▶ [WORK REQUIRED]: Only the pictures are to be left out; please reproduce everything else in the data exactly.
---- PROVIDED DATA
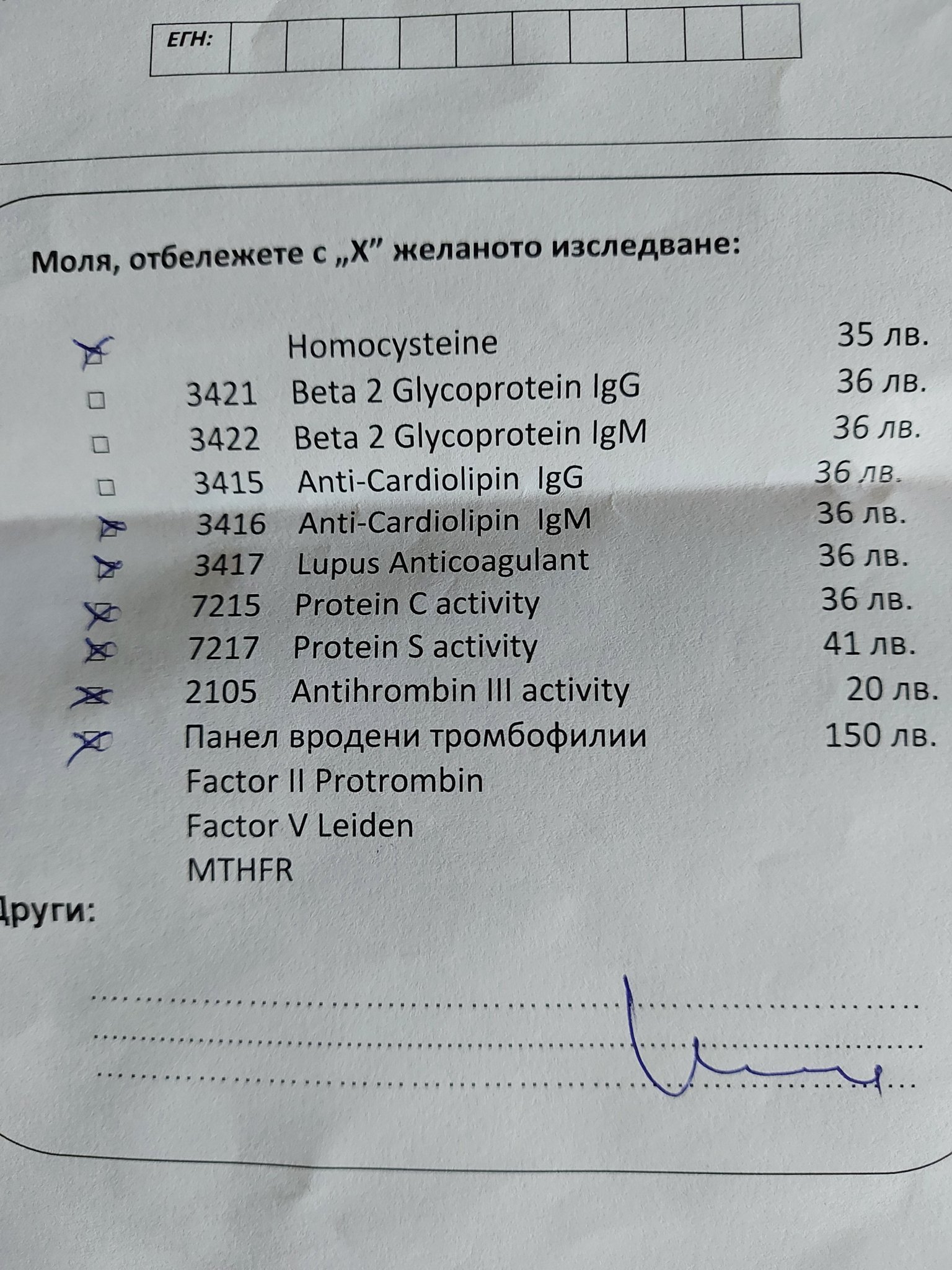 Може да си пуснете изследването за тромбофилии в националния център в Майчин дом. Цената е по-ниска там и лекар ми каза, че всички клиники до скоро са си пращали пробите към него. Най в час са.
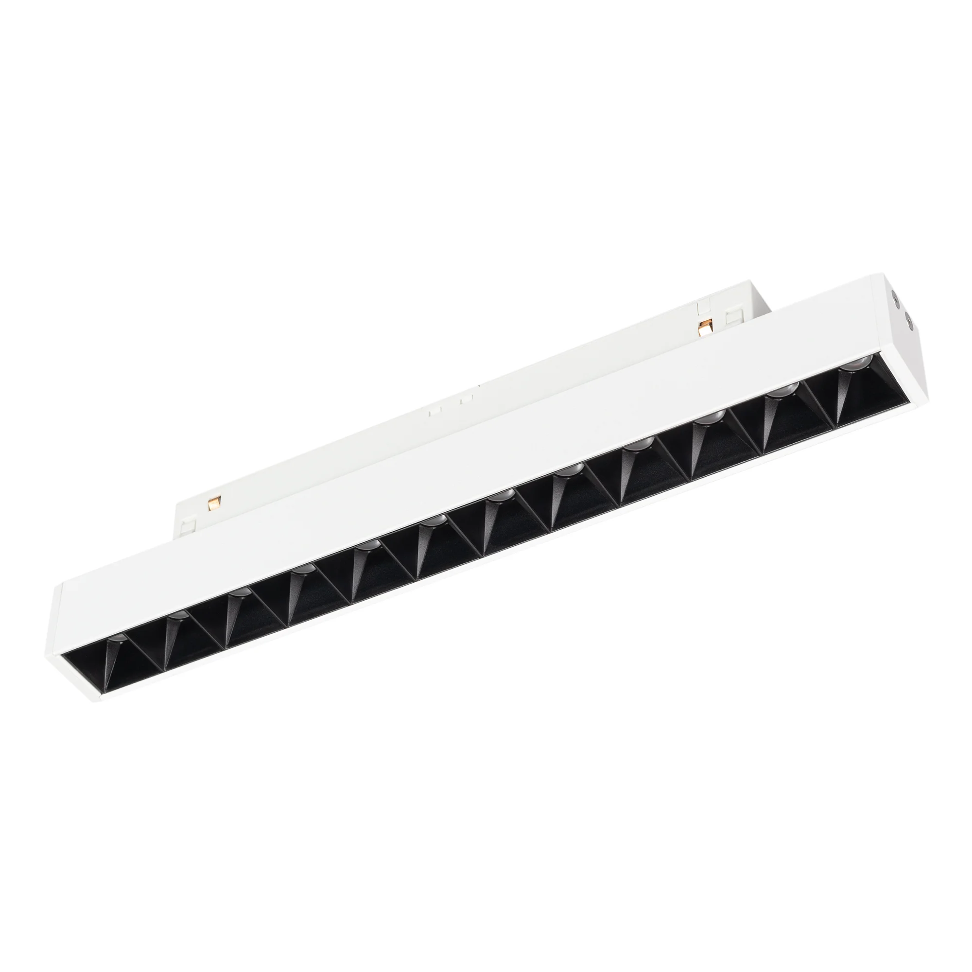 Светильник для магнитных треков MAG-ORIENT шириной 26 мм. Мощность 16 Вт, св. поток 720 лм, 45 лм/Вт, теплый 2700 K, CRI>90, угол 24°, напряжение питания 48 В. Белый прямоугольный корпус из металл, экран поликарбонат, степень защиты IP20. Размер: длина 462 мм, ширина 22 мм, высота 42 мм. Монтаж на трек MAG-ORIENT. Пульсация <1%.
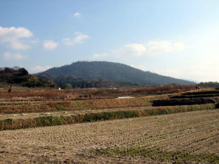 ![]() 景行天皇陵を過ぎると、大神神社の御神体で ある三輪山が見えてきます。 |
--------
▶ [ANSWER BOX]:
 Може да си пуснете изследването за тромбофилии в националния център в Майчин дом. Цената е по-ниска там и лекар ми каза, че всички клиники до скоро са си пращали пробите към него. Най в час са.
 Светильник для магнитных треков MAG-ORIENT шириной 26 мм. Мощность 16 Вт, св. поток 720 лм, 45 лм/Вт, теплый 2700 K, CRI>90, угол 24°, напряжение питания 48 В. Белый прямоугольный корпус из металл, экран поликарбонат, степень защиты IP20. Размер: длина 462 мм, ширина 22 мм, высота 42 мм. Монтаж на трек MAG-ORIENT. Пульсация <1%.
 ![]() 景行天皇陵を過ぎると、大神神社の御神体で ある三輪山が見えてきます。 |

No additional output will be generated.